Murder Imperfect

Home > Other > Murder Imperfect > Page 23
Murder Imperfect Page 23

by Lesley Cookman


  ‘I really can’t imagine your mate Sheila as a ravening killer,’ said Harry when she had finished.

  ‘No, but she’s kept a lot of things quiet,’ said Ben.

  ‘Well, they can’t charge her for that,’ said Harry.

  ‘It looks to me,’ said Guy, wiping his small beard with his napkin, ‘as if you’ll never get to the bottom of this. It’s too far back. The only hope you’d have is if someone had kept old letters or something of that nature. And given that all the events, even Amy Taylor’s pregnancy, were in the war years –’

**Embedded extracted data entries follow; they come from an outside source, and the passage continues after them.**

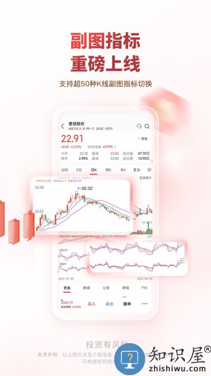 3、个股支持超50种K线副图指标的切换和最多4图同时对比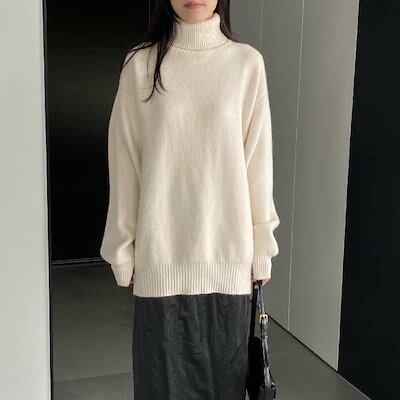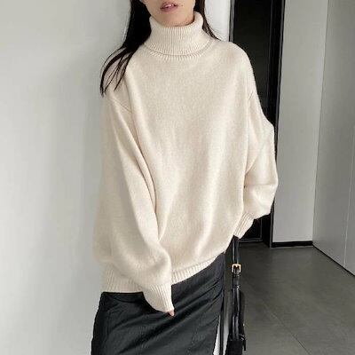 ニット レディース セーター ハイネック 秋 冬 長袖 トップス カットソー きれいめ お洒落 フェミニン 着回し ニット 上品 シンプル カジュアル 体型カバー 柔らかい オシャレ 女性らしい | DOKO-ME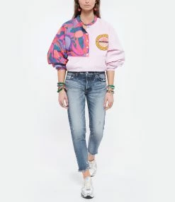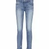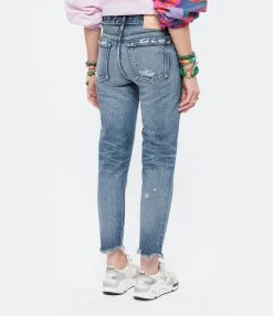 Jean bleu délavé à abrasions et effets usés par endroits. Taille haute. Fermeture par zip. Cinq poches. Coupe straight : droite avec bas de jambe resserré coupée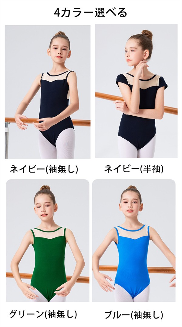 バレエ レオタード 子供 女の子 キッ 体操 ダンス バレエ レオタード 豊富 ネイビー(半袖) ネイビー(袖無し) ブルー(袖無し) グリーン(袖無し) 110cm 120cm 130cm 140cm 150cm 160cm
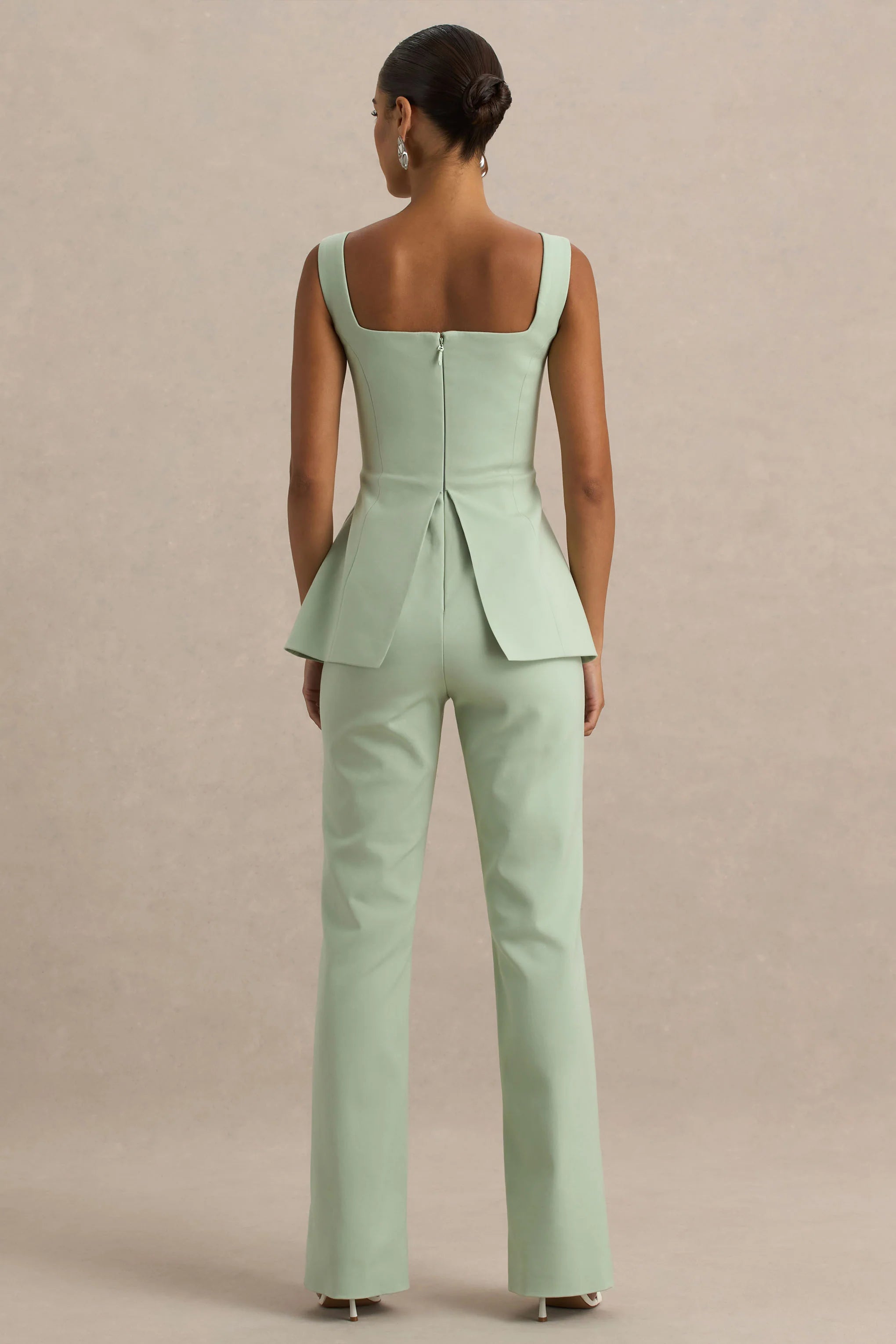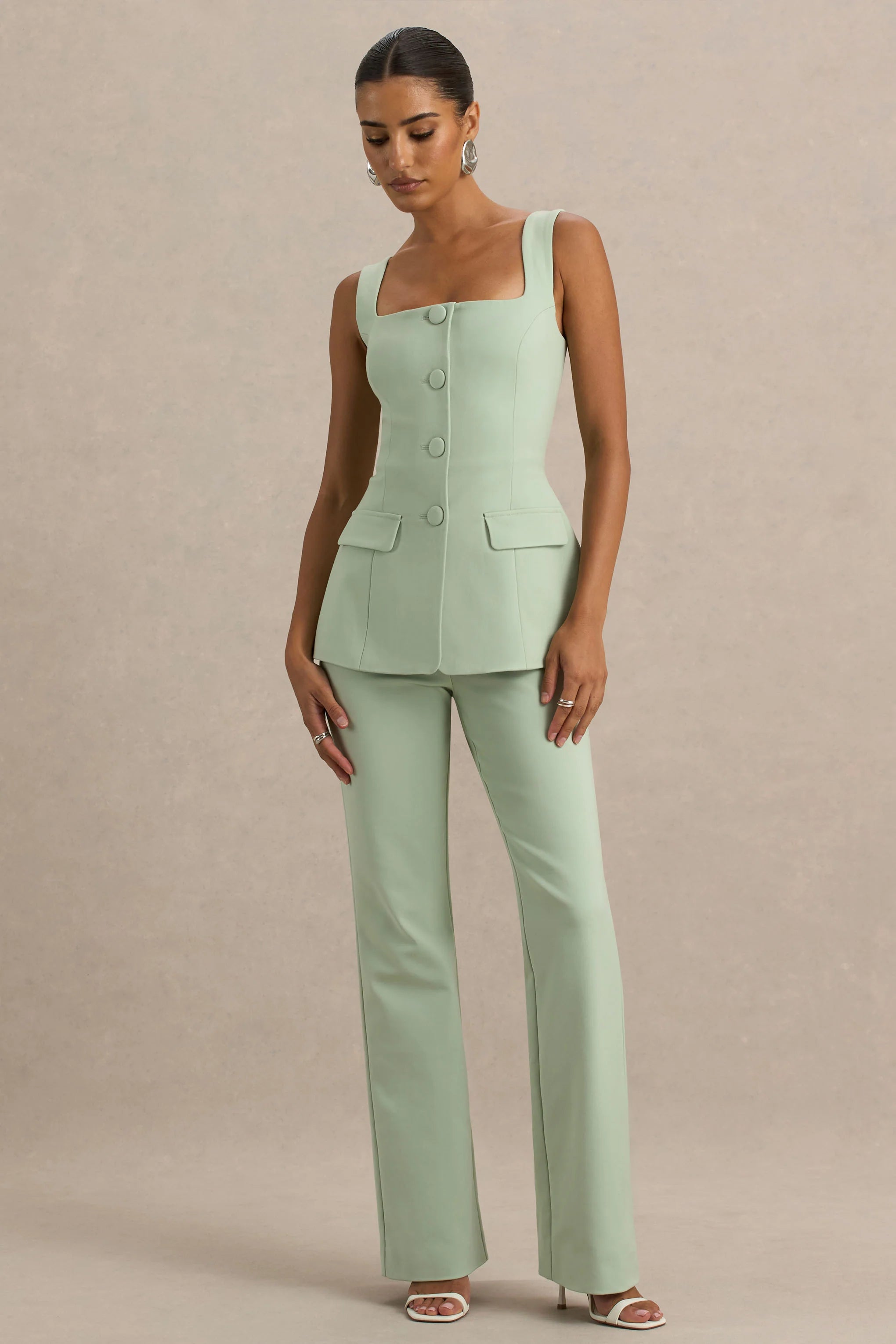 Embody a chic and understated vision in Aceline. Crafted in our premium cotton modal, in a delicate light green hue, this jumpsuit is the epitome of elegance. Designed with a framing square neckline and a bodice adorned with details, including self covered buttons and faux pockets, this piece is made for making an entrance. The flared trousers ensure a figure flattering finish that'll have you looking sleek from every angle. Whether its a ladies lunch, a day at the races or a romantic date night, in Aceline you will exude confidence and style.

  ‘Except Maud’s death and the attacks,’ put in Libby.

  ‘The roots were all in the war years,’ continued Guy firmly, ‘when documentation for anything but the military was scrappy to say the least, I doubt if there’s anything left to investigate.’

  Fran and Libby looked at each other.

  ‘So even if I can pick up something,’ said Fran, ‘there’ll be no one alive to confirm it, and no material evidence either.’

  ‘That’s right,’ said Guy, and patted her hand. ‘Cheer up, love. There’ll be another one along in a minute.’

  Ben, Harry and Adam laughed.

  ‘I don’t know what you mean,’ said Libby huffily.

  ‘Investigation, mother dear,’ said Adam.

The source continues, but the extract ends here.